Under these conditions, the Russian oligarchy seeks to solidify the power of Putin as a figure that can balance between different warring factions of the ruling elite, while at the same time fostering extreme nationalism and strengthening authoritarian rule in anticipation of major confrontations with the working class.

The crisis of the oligarchy and the drive toward dictatorship ultimately grow out of the Stalinist counter-revolution against the October Revolution of 1917, and the destruction of the Soviet Union in 1991 and restoration of capitalism at the hands of the Stalinist bureaucracy.
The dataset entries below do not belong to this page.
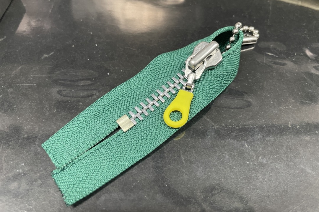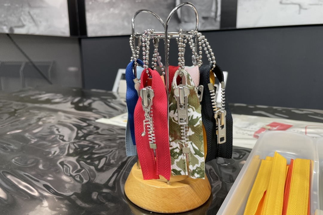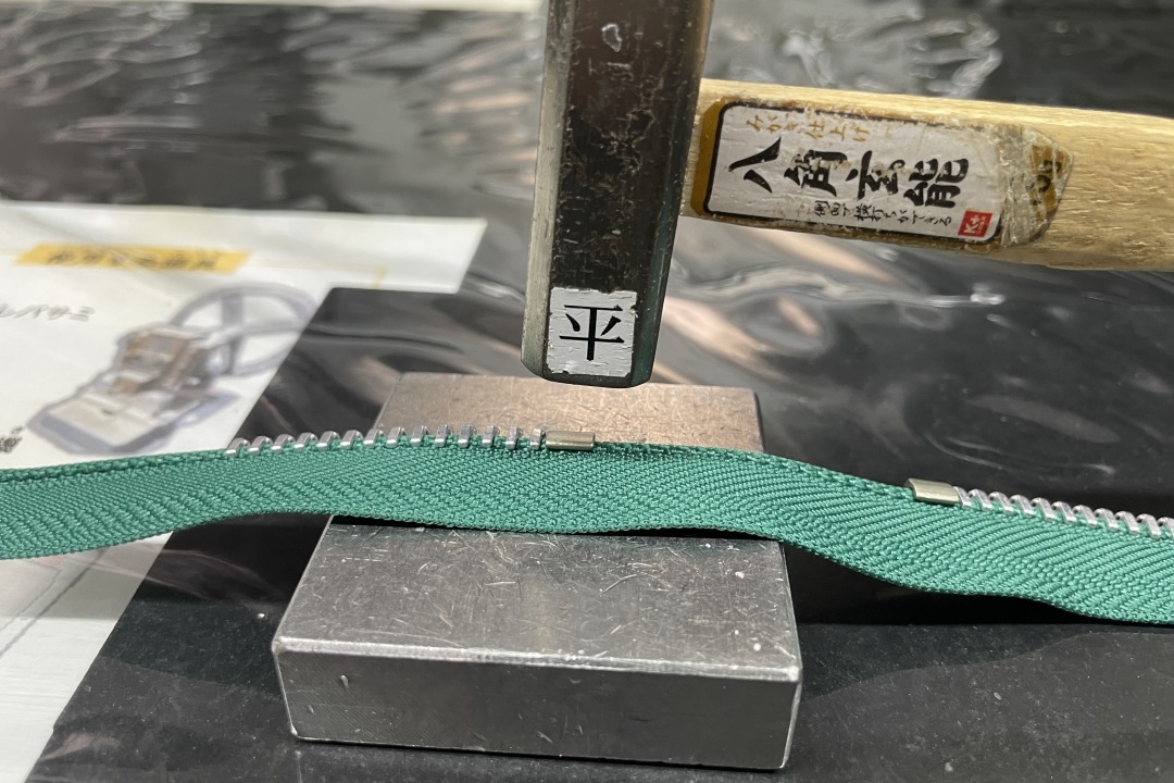 展示を見た後は「ファスナー手作り体験」へ。ガイドさんが、たくさんあるテープを出してくださり好きな色柄を選ぶことからスタート。その後、エレメントという小さな器具をひとつひとつ並べ、プレス機で押していただき、トンカチで上留めと下留めを叩いて完成させました。どの作業も興味深く、とても楽しかったです。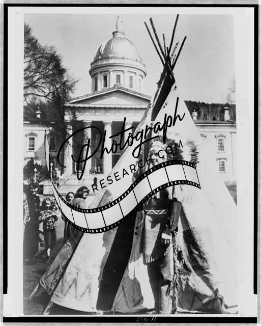 Mohawk Chief Poking Fire,Tipi,State House,Montpelier,Vermont,VT,1953,Indian
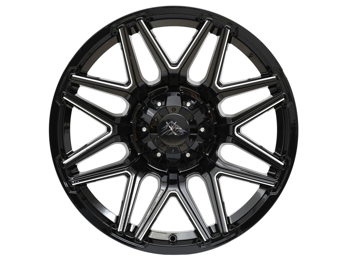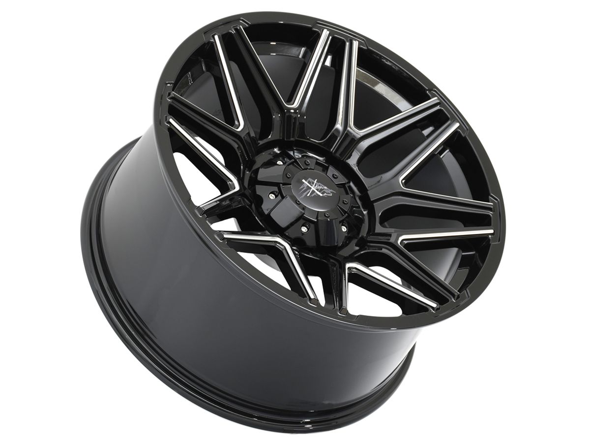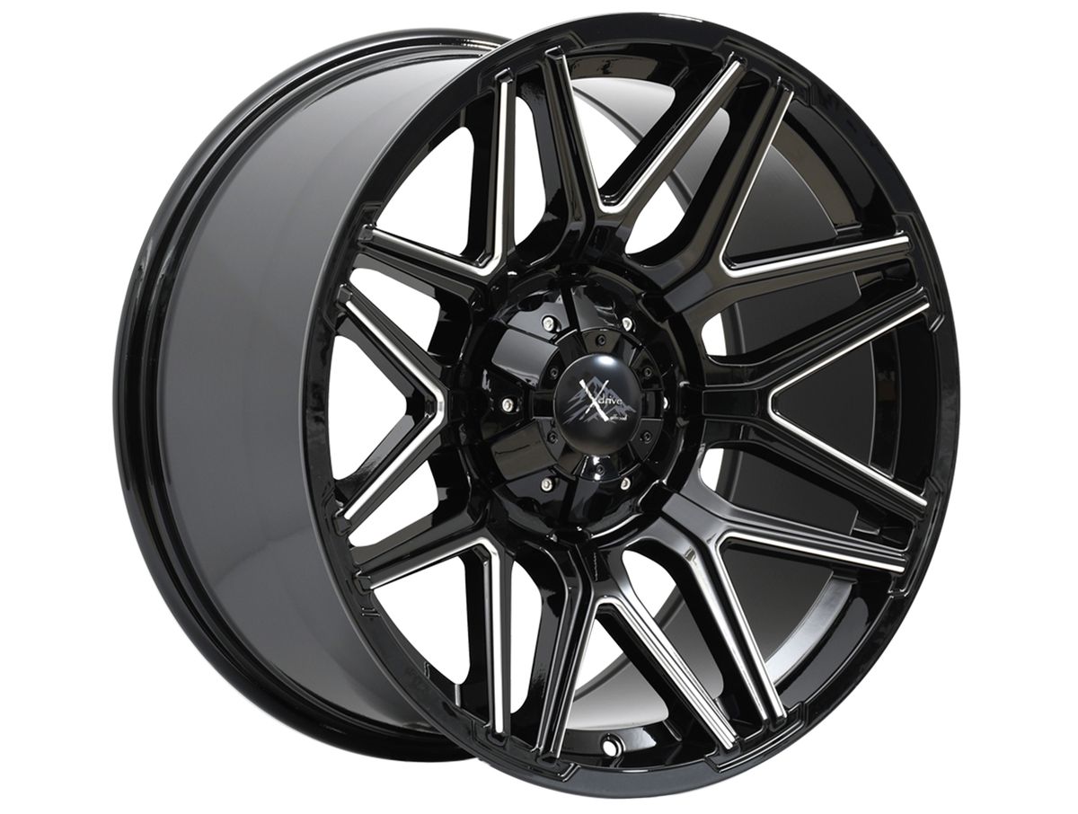 The wheel is covered in a gloss black finish that is enhanced by the milled spokes. The center cap is adorned with the X Drive logo to complete the look.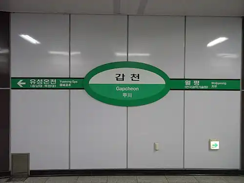 Gapcheon Station (Korean: 갑천역; Hanja: 甲川驛) is a station of the Daejeon Metro Line 1 in Wolpyeong-dong, Seo District, Daejeon, South Korea. It has two functional platforms. It was opened on April 17, 2007. It is located on the river side and on the Gapcheondosi Expressway.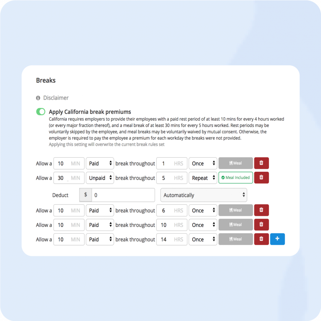 Leverage a dynamic break rules engine that prevents publishing scheduling violations, delivers advanced warnings and automated pay for missed breaks and integrates waivers and missed break attestations.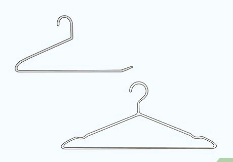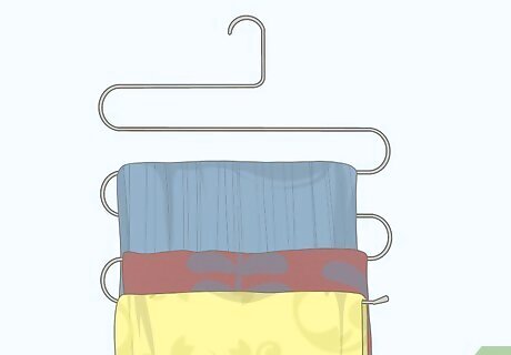 Hang sarees on trouser hangers so they take up less vertical space. While it’s totally okay to hang sarees on regular hangers, trouser hangers are perfect because their shape is shorter than a regular hanger because they're designed for pants, leaving you lots of extra space to store things at the bottom of your wardrobe. Purchase a trouser hanger for each of your sarees to hang them easily. Trouser hangers have clips attached to either end of a horizontal strip of metal or plastic. These are especially useful if your wardrobe is short.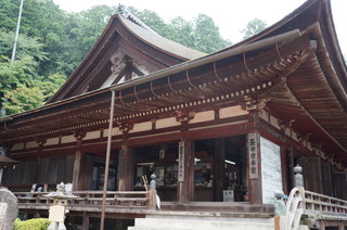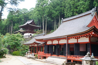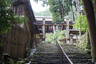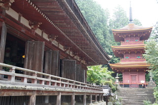 | 本堂(重要文化財)は、寺の文書から室町時代・大永4年(1524年)の建立と判明とのこと。 | 三重塔(重要文化財)は高欄擬宝珠銘から慶長2年(1597年)の建立とのこと。豪雨のあとで、本堂からの雨雫が幻想的で良かったです。 |

Contrary to the assertions of the Stalinist and imperialist propaganda at the time, the privatization of former state property and the dismembering of the Soviet Union were not the basis for the flourishing of democracy and general welfare, but, on the contrary, provided the basis for unprecedented plunder of social resources and the emergence of a new ruling layer of criminal and thoroughly parasitic oligarchs. The 1993 Constitution was the pseudo-legal codification of this counterrevolution and the established capitalist property relations.

Under Putin, the oligarchy has further enriched itself. The Boston Consulting Group recently published its Global Wealth report which found that the personal wealth of Russia's super-rich has increased 16-fold over the past 20 years, from $0.1 trillion to $1.6 trillion, with an average annual growth rate of 14% between 1999 and 2014.

At the same time, according to Finance Minister Anton Siluanov, the median salary in the country is around 18,000 rubles ($255). At least half of all families are struggling to make ends meet. In March, President Putin announced that people with an income 1.5 times the minimum wage, which is just over 12,000 rubles ($170) a month, should be considered the “middle class”.